→ **Stored data**:

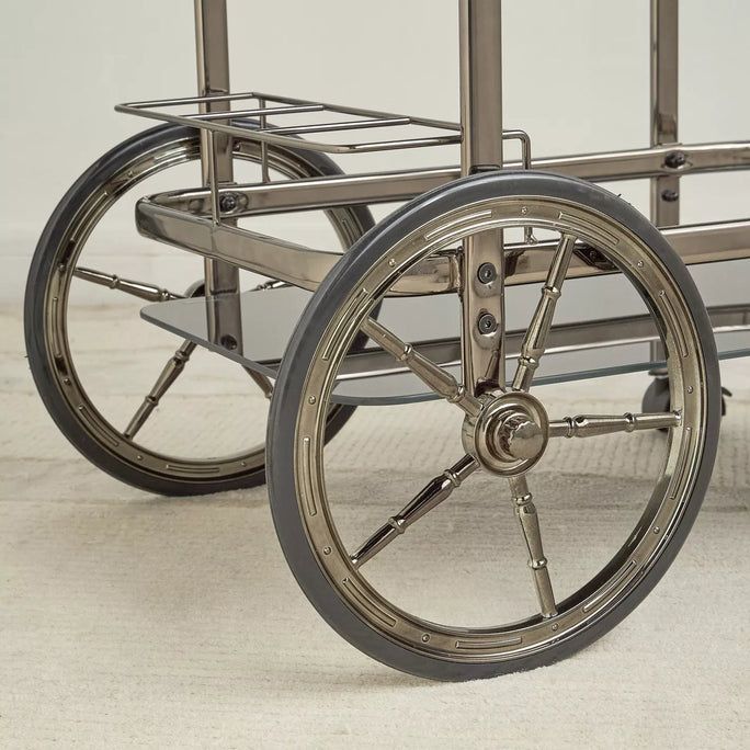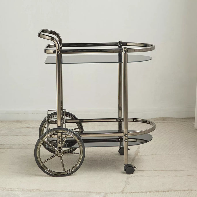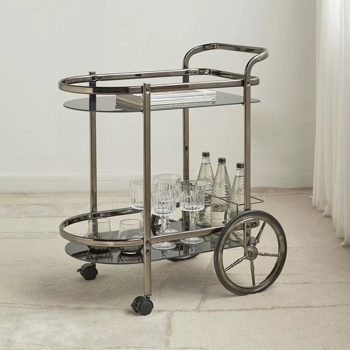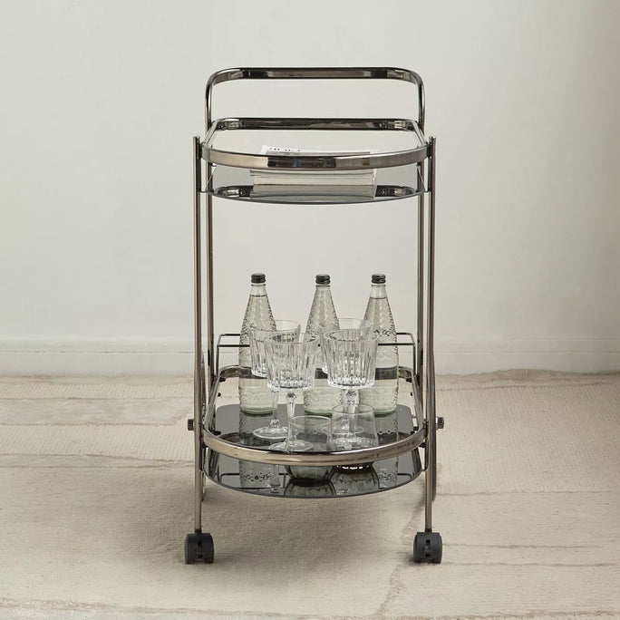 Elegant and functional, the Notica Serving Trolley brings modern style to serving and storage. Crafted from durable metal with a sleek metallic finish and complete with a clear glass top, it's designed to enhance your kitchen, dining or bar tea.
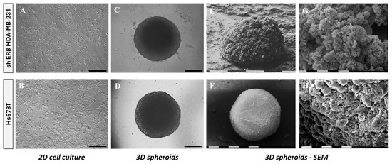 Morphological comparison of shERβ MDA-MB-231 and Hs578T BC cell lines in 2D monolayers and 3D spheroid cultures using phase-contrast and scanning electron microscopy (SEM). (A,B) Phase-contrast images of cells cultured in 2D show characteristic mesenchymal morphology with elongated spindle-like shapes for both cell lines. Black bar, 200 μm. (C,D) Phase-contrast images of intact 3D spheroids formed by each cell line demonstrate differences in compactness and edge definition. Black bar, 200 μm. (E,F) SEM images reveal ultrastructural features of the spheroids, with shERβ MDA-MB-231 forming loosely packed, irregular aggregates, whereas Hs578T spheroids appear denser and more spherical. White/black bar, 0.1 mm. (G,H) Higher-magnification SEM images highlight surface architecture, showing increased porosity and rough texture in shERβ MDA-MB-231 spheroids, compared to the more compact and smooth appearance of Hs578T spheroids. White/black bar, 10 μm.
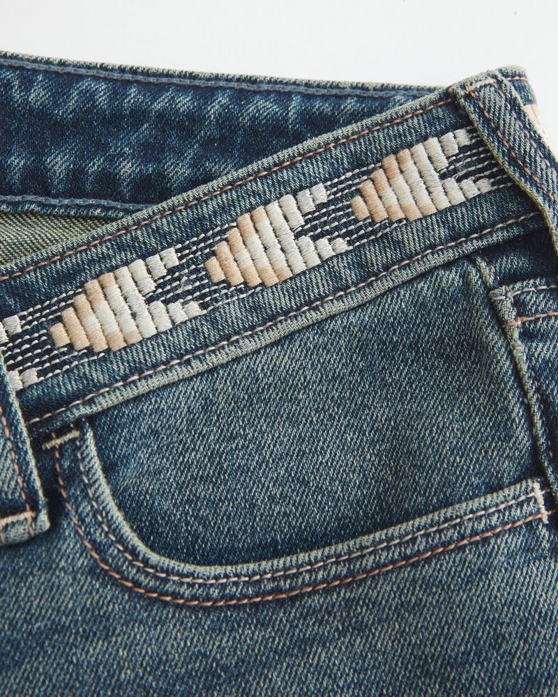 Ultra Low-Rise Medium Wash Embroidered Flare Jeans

→ **Work order**: Only the pictures are to be omitted; restate everything else above exactly.

→ **Reply to the task**:
 Elegant and functional, the Notica Serving Trolley brings modern style to serving and storage. Crafted from durable metal with a sleek metallic finish and complete with a clear glass top, it's designed to enhance your kitchen, dining or bar tea.
 Morphological comparison of shERβ MDA-MB-231 and Hs578T BC cell lines in 2D monolayers and 3D spheroid cultures using phase-contrast and scanning electron microscopy (SEM). (A,B) Phase-contrast images of cells cultured in 2D show characteristic mesenchymal morphology with elongated spindle-like shapes for both cell lines. Black bar, 200 μm. (C,D) Phase-contrast images of intact 3D spheroids formed by each cell line demonstrate differences in compactness and edge definition. Black bar, 200 μm. (E,F) SEM images reveal ultrastructural features of the spheroids, with shERβ MDA-MB-231 forming loosely packed, irregular aggregates, whereas Hs578T spheroids appear denser and more spherical. White/black bar, 0.1 mm. (G,H) Higher-magnification SEM images highlight surface architecture, showing increased porosity and rough texture in shERβ MDA-MB-231 spheroids, compared to the more compact and smooth appearance of Hs578T spheroids. White/black bar, 10 μm.
 Ultra Low-Rise Medium Wash Embroidered Flare Jeans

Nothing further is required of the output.